> TASK INSTRUCTIONS
Without any images, write the listing below out word for word.
Top of INFORMATION SUPPLIED
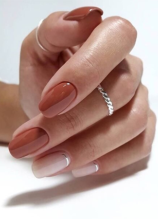 Hoy en día muchas novias buscan manicuras con un poco de color para el día de su boda. Y saliendo de la gama de los rosas o incluso los rojos, cada vez más frecuentes, también podemos encontrar colores idóneos para cada estación. Como este marrón cálido con acabado de gel que han combinado con manicura desnuda y un toque minimalista sobre la cutícula en los dedos anular y meñique.
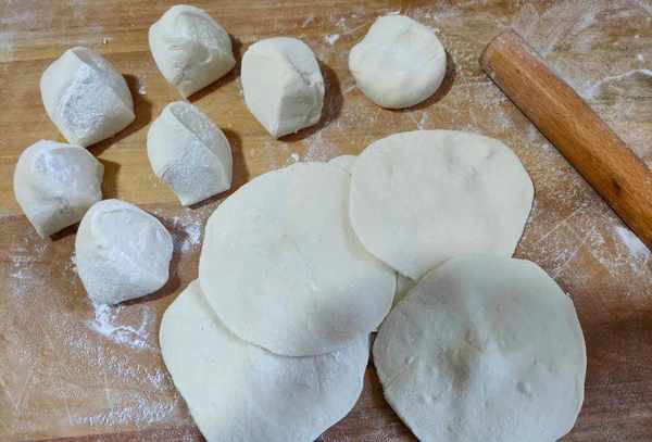 7.面板上撒干面粉,倒入面团中搅拌去除大气泡,然后揉成粗条,切成等份,压成中间厚边稍薄的圆形面团
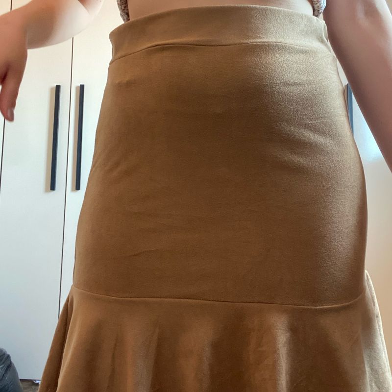 Saia em Suede Marrom Claro com Babado Saia Feminina Loule Usado
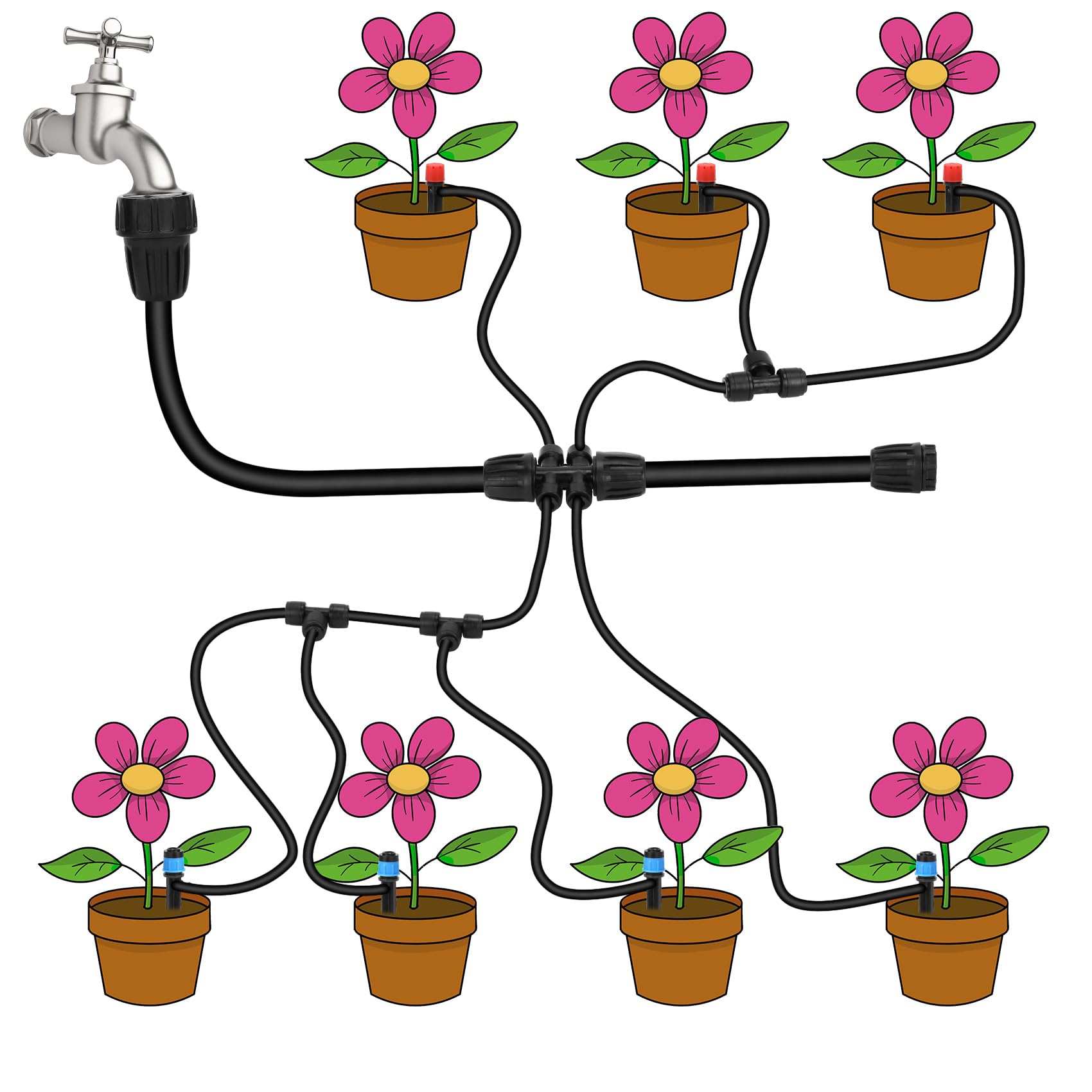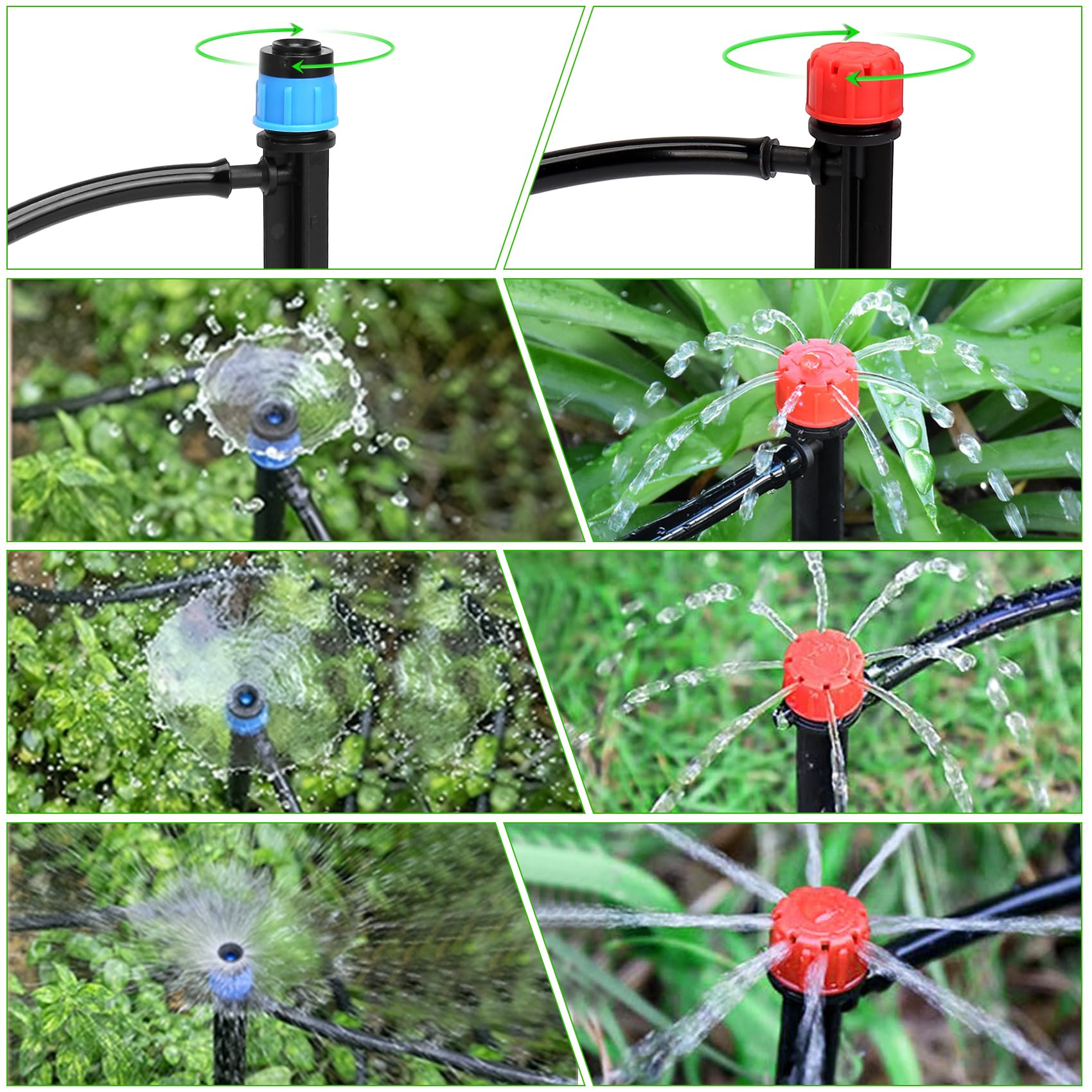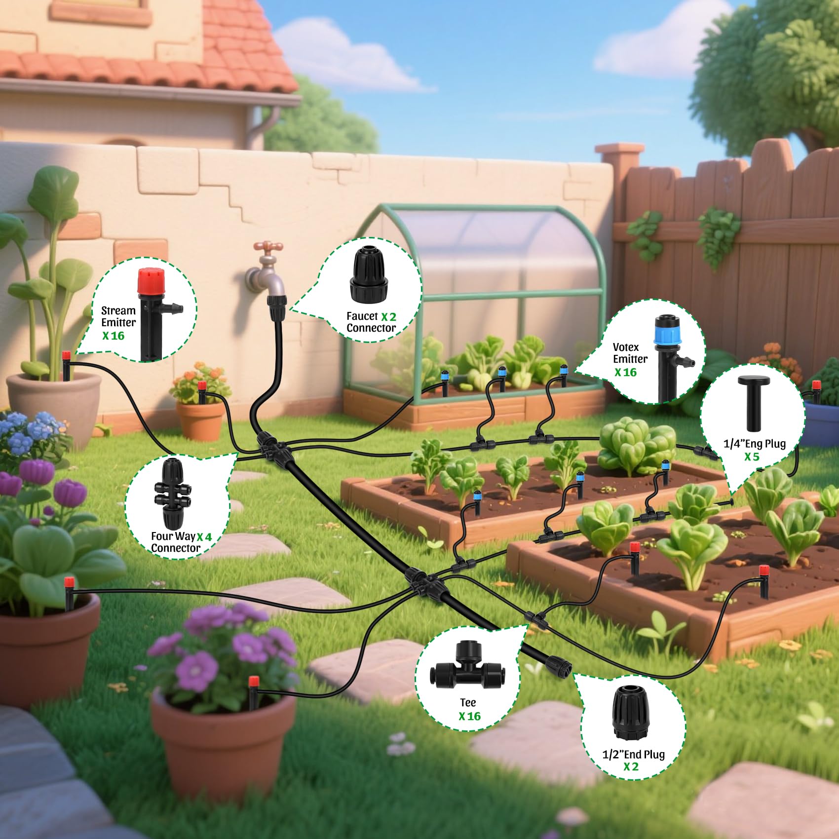 - All-inclusive drip irrigation system:Includes Vortex Emitters (for steady drip) x16, Stream Emitters (for adjustable flow) x 16, Four-Way Connectors x4, Faucet Connectors x4, End Plugs (1/2")x2, End Plugs (1/4")x5 to seal tubing lines securely. Teflon tape and 10 nylon zip ties, User-Friendly Manual
Bottom of INFORMATION SUPPLIED
> OUTPUT BELOW
 Hoy en día muchas novias buscan manicuras con un poco de color para el día de su boda. Y saliendo de la gama de los rosas o incluso los rojos, cada vez más frecuentes, también podemos encontrar colores idóneos para cada estación. Como este marrón cálido con acabado de gel que han combinado con manicura desnuda y un toque minimalista sobre la cutícula en los dedos anular y meñique.
 7.面板上撒干面粉,倒入面团中搅拌去除大气泡,然后揉成粗条,切成等份,压成中间厚边稍薄的圆形面团
 Saia em Suede Marrom Claro com Babado Saia Feminina Loule Usado
 - All-inclusive drip irrigation system:Includes Vortex Emitters (for steady drip) x16, Stream Emitters (for adjustable flow) x 16, Four-Way Connectors x4, Faucet Connectors x4, End Plugs (1/2")x2, End Plugs (1/4")x5 to seal tubing lines securely. Teflon tape and 10 nylon zip ties, User-Friendly Manual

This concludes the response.